PROBLEM DESCRIPTION:
The exercise calls for the lines from the one containing "Mairiporã recebe de" to the end of the data below to be output exactly, pictures excluded.

┄┄┄┄┄┄┄┄┄┄┄┄┄┄┄┄┄┄┄┄

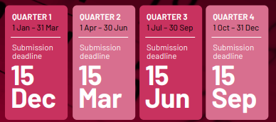 These are the deadlines by which an athlete must have submitted their whereabouts filings for the following three months.
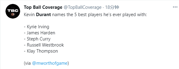 32岁杜兰特戴着一顶小黄帽,第一个说出的名字是凯里-欧文,紧接着说出詹姆斯-哈登和勇士水花兄弟,然后思考片刻后说出伊巴卡的名字;不过主持人直呼DAMN,他们都为韦少落榜而不满,随后杜兰特表示自己忘了,韦少该进入前五,并且把韦少放在第四位,伊巴卡落榜。
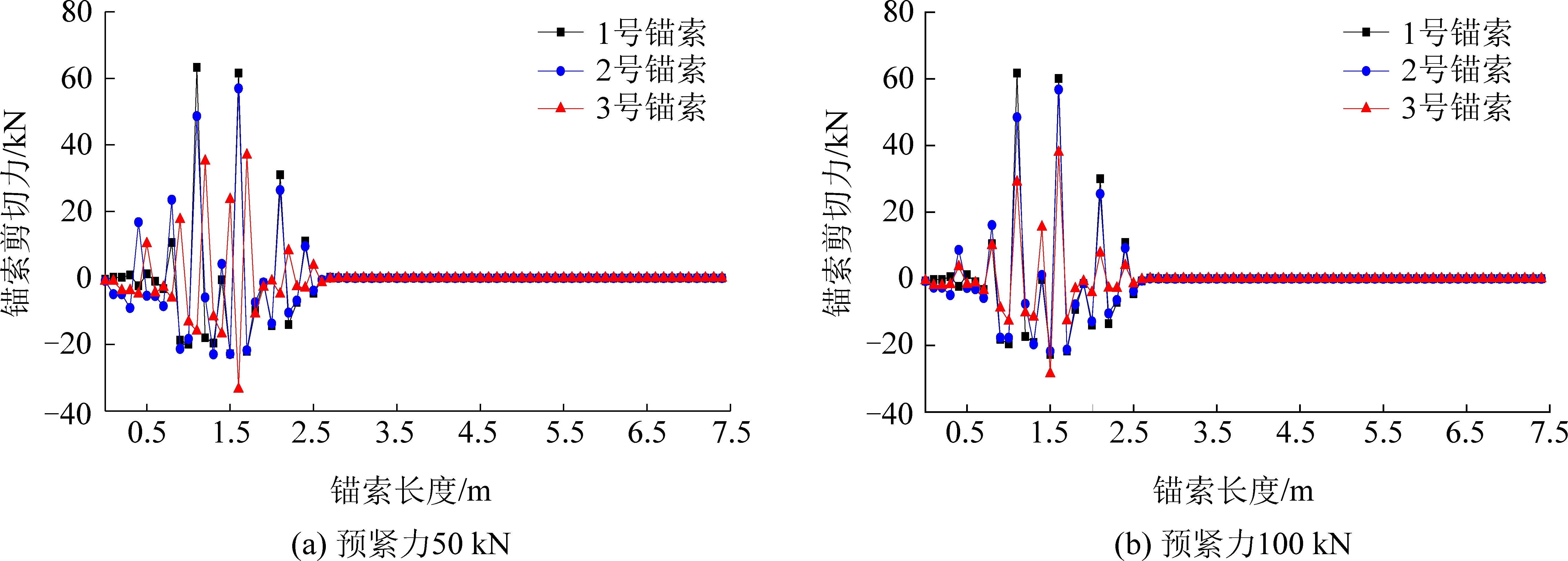 综合以上分析可知,煤矿巷道顶板锚索在下位顶板岩层内受力相对复杂,不仅受到轴向拉伸的影响,还受到横向层间剪切错动的作用,即锚索同时受到轴向拉伸荷载与横向剪切荷载,这也是现场顶板锚索破断位置多发生在顶板2.0 m范围内的主要根源。顶板锚索越靠近中部其拉伸荷载越大,而越靠近帮部其剪切荷载越显著;提高锚索的预紧力可有效控制顶板变形,有利于顶板稳定,减少锚索有害受力,降低锚索破断率,进而提高整个支护系统的稳定性和可靠性。
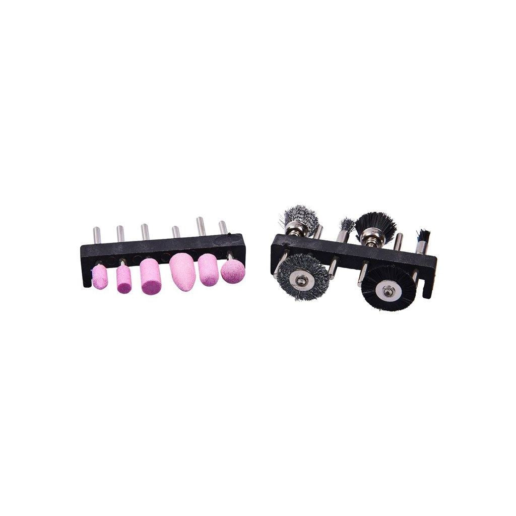 Set includes 6pc mounted stones (3.17mm), 3pc steel wheel brushes (3.17mm), 3pc nylon wheel brushes (3.17mm). Ideal for most polishing applications.
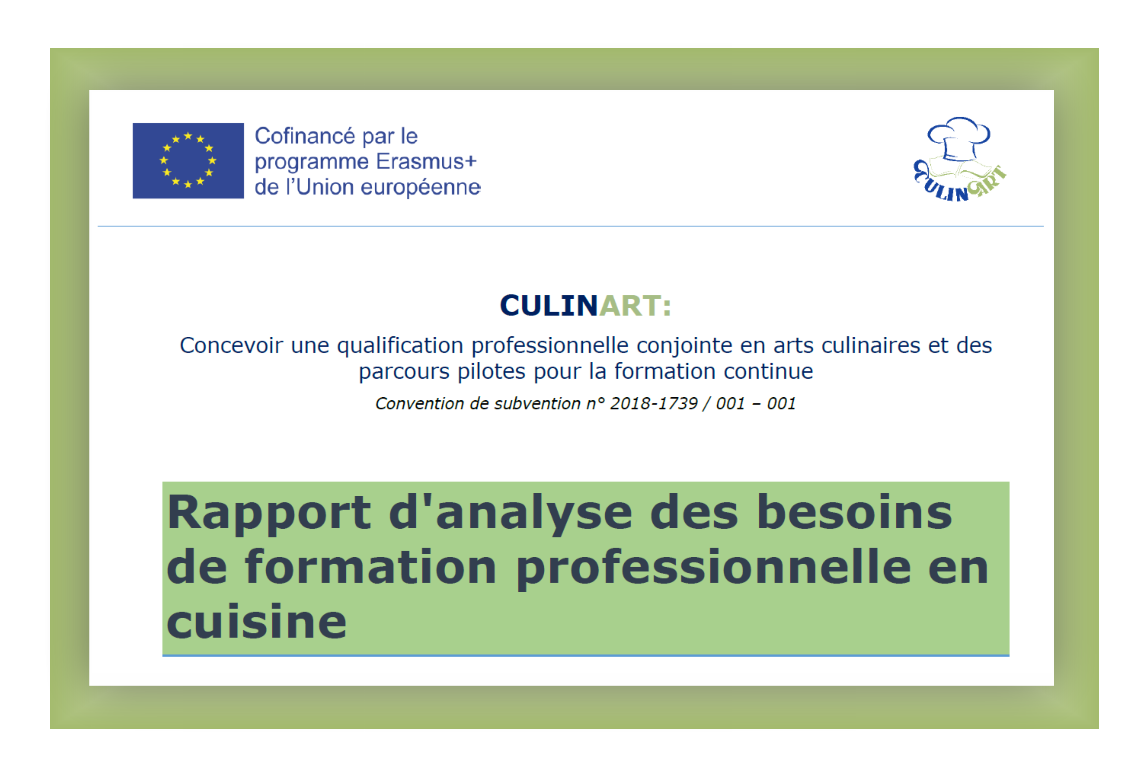 CULINART: Designing a Joint VET Qualification in Culinary Arts and Pilot Pathways for Continuing Training est co-financé par le programme Erasmus+ de la Commission européenne.
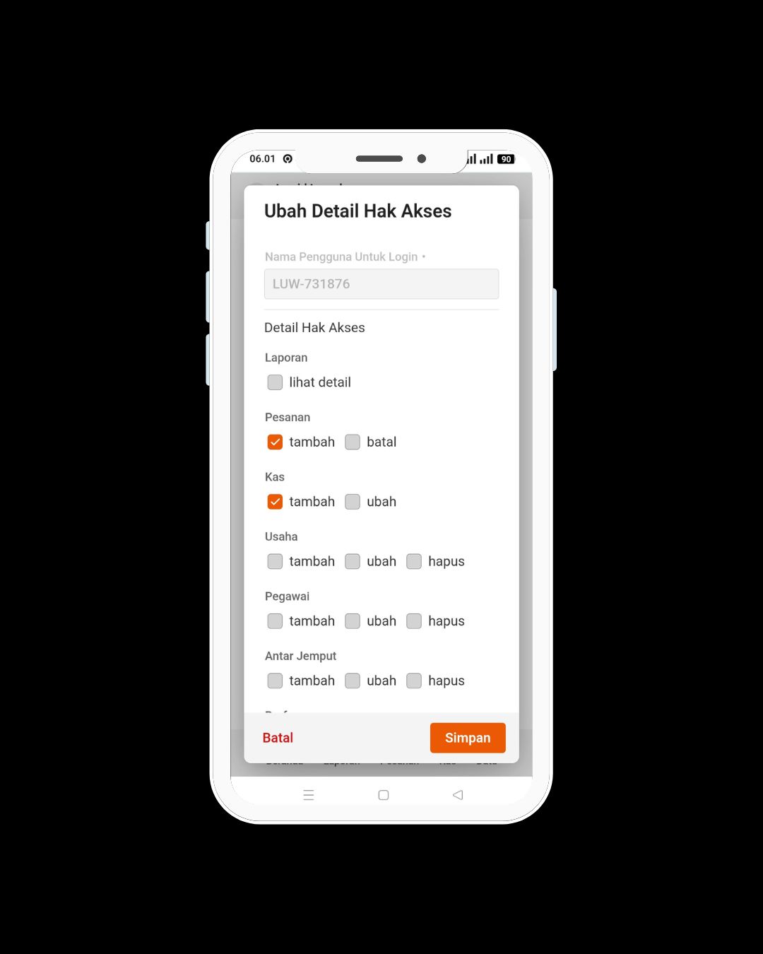Kini Anda bisa mengatur hak akses pegawai, siapa yang boleh tambah, ubah, hapus, atau lihat di dalam aplikasi. Lebih aman dan terkontrol.
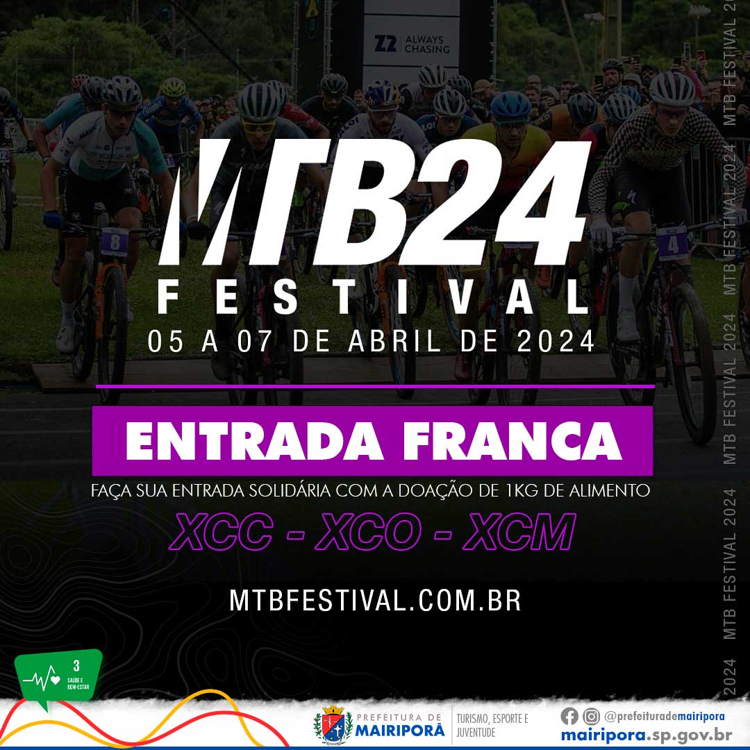 Mairiporã recebe de 05 a 07 de abril, a partir das 7h, o MTB Festival 2024, maior prova de mountain bike do Brasil. O evento que conta com apoio da Prefeitura de Mairiporã, através da Secretaria de Turismo, Esporte e Juventude, recebe alguns dos maiores atletas de ciclismo nas categorias XCC Open e XCM (amadores), XCC e XCO (federados), para disputas que acontecerão na mesma pista da abertura da Copa do Mundo de MTB, a UCI World Cup Series, uma semana depois. Com isso, os atletas terão a oportunidade de competir em uma prova de XCO com pontuação C1 da UCI e Ranking Nacional.
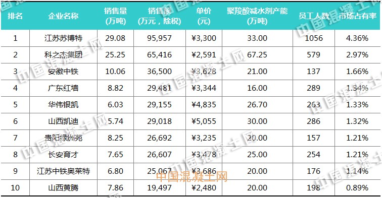 【2016年中國聚羧酸減水劑企業(yè)十強(qiáng)介紹】

┄┄┄┄┄┄┄┄┄┄┄┄┄┄┄┄┄┄┄┄

ANSWER TO THE PROBLEM:
 Mairiporã recebe de 05 a 07 de abril, a partir das 7h, o MTB Festival 2024, maior prova de mountain bike do Brasil. O evento que conta com apoio da Prefeitura de Mairiporã, através da Secretaria de Turismo, Esporte e Juventude, recebe alguns dos maiores atletas de ciclismo nas categorias XCC Open e XCM (amadores), XCC e XCO (federados), para disputas que acontecerão na mesma pista da abertura da Copa do Mundo de MTB, a UCI World Cup Series, uma semana depois. Com isso, os atletas terão a oportunidade de competir em uma prova de XCO com pontuação C1 da UCI e Ranking Nacional.
 【2016年中國聚羧酸減水劑企業(yè)十強(qiáng)介紹】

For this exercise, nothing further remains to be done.